In Nepal, for instance, she and her team have been studying the relationship between mahouts and their elephants. She wanted to know the mahouts’ thoughts about recent changes to elephant care, such as stopping elephant rides and instead having visitors walk alongside the animals, and rather than chaining, letting them move freely around corrals and interact with each other.

“The responses from the mahouts to this were very nuanced. They liked that elephants could move around. However, they were also concerned about the elephants spending a lot more time with other elephants because that meant they might not listen to the mahout as much and maybe there would be a risk to safety if the elephant isn’t as responsive,” she said.

Apart from elephants, Dr Mumby’s team are looking at Hong Kong’s wild boar population, for which there are increasing anecdotal reports of sightings and interactions with humans. Part of the research is analysing media reports to find who is speaking, in what language, and what they say, among other factors. Another study is investigating the impact on boars’ diet and behaviour when people leave out food for them. The team have also just started studying human-buffalo interactions on Lantau Island.

Interviewing mahouts in Nepal

Interviewing mahouts in Nepal.
(Courtesy of Matthias Egeler)

Buffalos on Lantau Island

Dr Mumby’s team have also started studying human-buffalo interactions on Lantau Island.

Conservation ‘a necessity’

But her greatest passion remains the elephant and how to protect this vulnerable animal. “Some of my experiences have been beautifully exciting, like having a baby elephant named after me in Myanmar. Some have been just tragic – elephants hit by trains, the poaching crisis, and the impact that has on researchers and rangers. In my book I’m trying to say, what do we do next? What could we be funding more? Is there hope?”

There are already a lot of organisations and researchers on the ground tracking and trying to protect the elephant and she would like to see more stable, long-term support for them. “One of my biggest concerns about conservation is that we’ve made it a luxury. People do it from philanthropy rather than as a necessity, and it can seem like whim as to what gets funded. But it shouldn’t just be charity. It’s essential to our future because it’s essential to the functioning of ecosystems.”

Dr Mumby also recognises the flip side to this: conservationists tend to demonise people as the problem. “Every conservation textbook I read is essentially about how everything was perfect until humans messed it up. As an academic community, we’ve internalised this narrative. We have to frame people as the solution as well. Of course, people are going to do things that damage the environment in order to live, but we still have to see them as the solution.

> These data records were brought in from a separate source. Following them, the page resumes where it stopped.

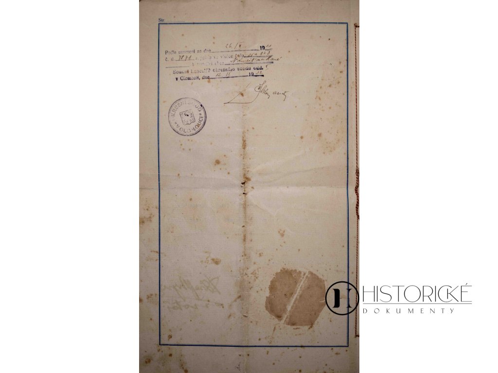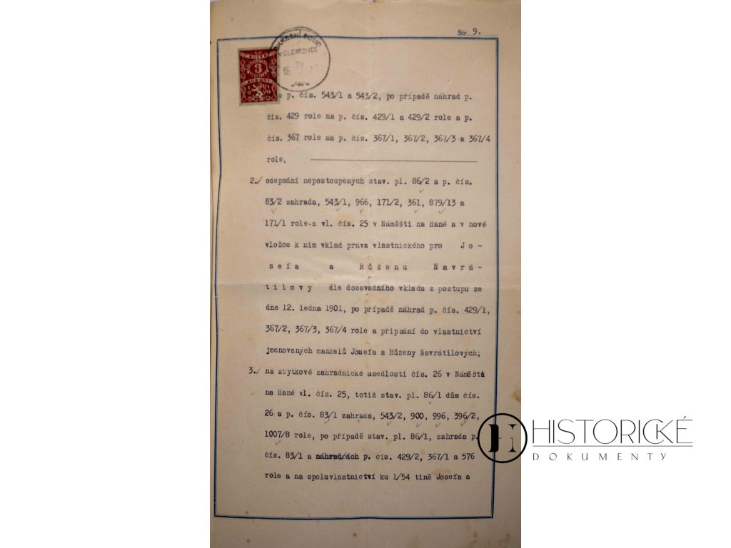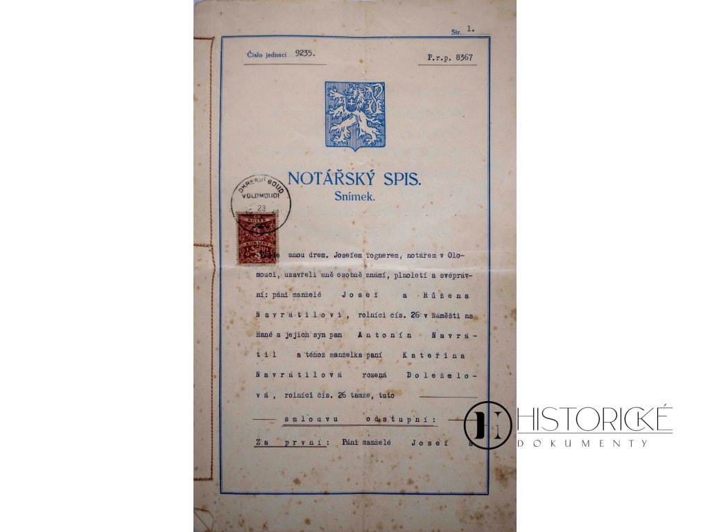 Snímek notářského spisu číslo 9325 z léta Páně 1932, notářem v Olomouci vyhotovený, kolky v hodnotě třikráte tří korun a razítky opatřený. Jest to dokument o dvanácti listech svázaných, smlouvu odstupující obsahující. Artefakt tento poskytuje vzácné svědectví o právní praxi první republiky a jest dokladem velezdařilým činnosti notářské.
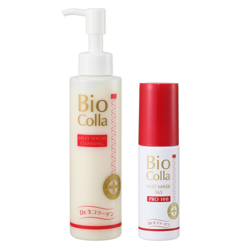 <ビオコラ>より、水の代わりにコメ発酵液を使用したトリプルSNC製法で製造した2つのコラーゲン原料(生コラーゲン(水溶性コラーゲン(ウシ))(非加熱25度以下)、メドコラミドル(アテロコラーゲン(ウシ)))を配合した、お肌にハリを与え、キメを整えるミスト状美容マスクと、メイクや毛穴の奥の汚れをすっきり落としながら、お肌に潤いとハリを与えるクレンジング・洗顔料です。
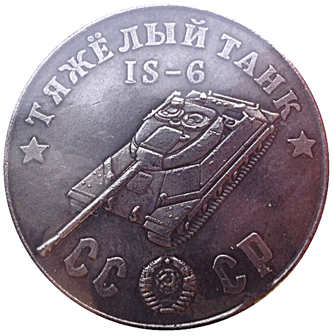Опис: Назва серії танків у верхній частині; радянський важкий танк ІС-6; герб СРСР між літерами CC і CP.
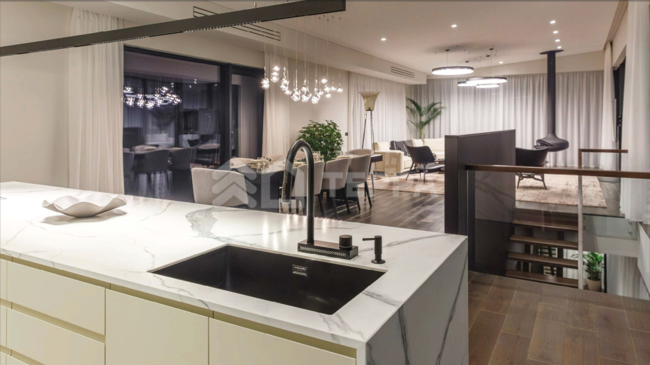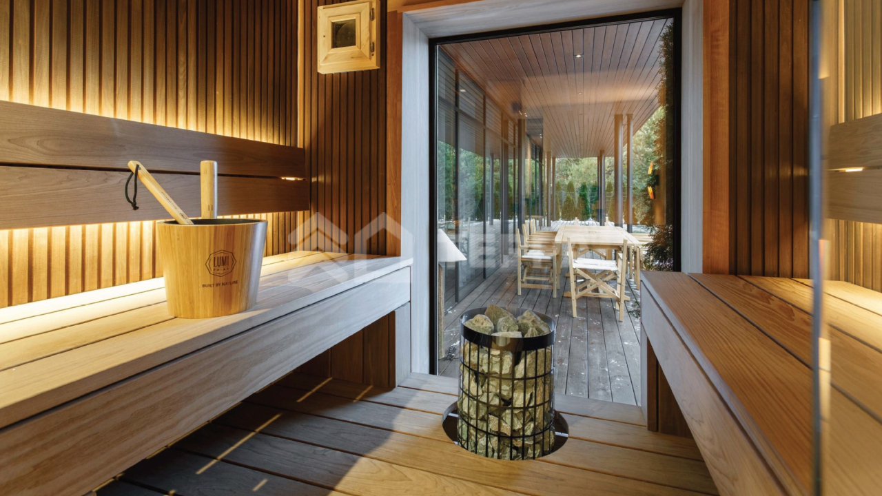 В доме воплощен принцип естественного света: панорамные энергосберегающие, дерево - алюминиевые окна с климат-контролем. Немецкий утеплитель из древесного волокна Gutex. На полу — натуральный паркет, под которым расположена массивная бетонная плита с интегрированной системой тёплого пола. Все отопление подключено к системе удалённого управления: температуру можно настраивать со смартфона. Умный дом HitePro с возможностью управлять освещением, шторами, гаражными воротами. Система видеонаблюдения на базе программного обеспечения Hikvision с возможностью наращивания количества видеокамер, архив записей до 30 дней, просмотр камер в режиме реального времени с мобильного устройства и планшета, прием звонков с домофона с возможностью открытия калитки с телефона. Современная система беспроводной пожарной сигнализации Аргус-Спектр с возможностью контроля датчиков через приложение. Полное бесшовное покрытие Wi-Fi нового поколения, с возможностью управления сетью через облачный контролер OmadaTP-Link.
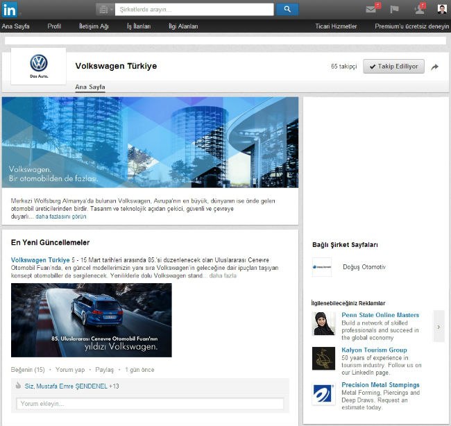 Volkswagen Binek Araç, var olduğu diğer sosyal platformlarda olduğu gibi www.linkedin.com/company/
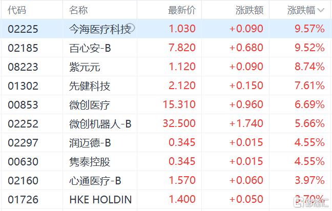 医疗设备及用品股涨幅居前,今海医疗科技、百心安-B涨超9%,先健科技涨超7%,微创医疗、润迈德-B等跟涨。

“I don’t have any illusions that I can make miracles happen, but I still have a bit of wild hope,” she added.

Elephants: Birth, Life and Death in the World of the Giants was released by HarperCollins in May 2020. A paperback version titled The Secret Lives of Elephants was out this spring.

Cover of The Secret Lives of Elephants: Birth, Death and Family in the World of the Giants

The Secret Lives of Elephants: Birth, Death and Family in the World of the Giants
Author: Hannah Mumby
Publisher: HarperCollins
Year of Publication: 2021

Every conservation textbook I read is essentially about how everything was perfect until humans messed it up. As an academic community, we’ve internalised this narrative. We have to frame people as the solution as well.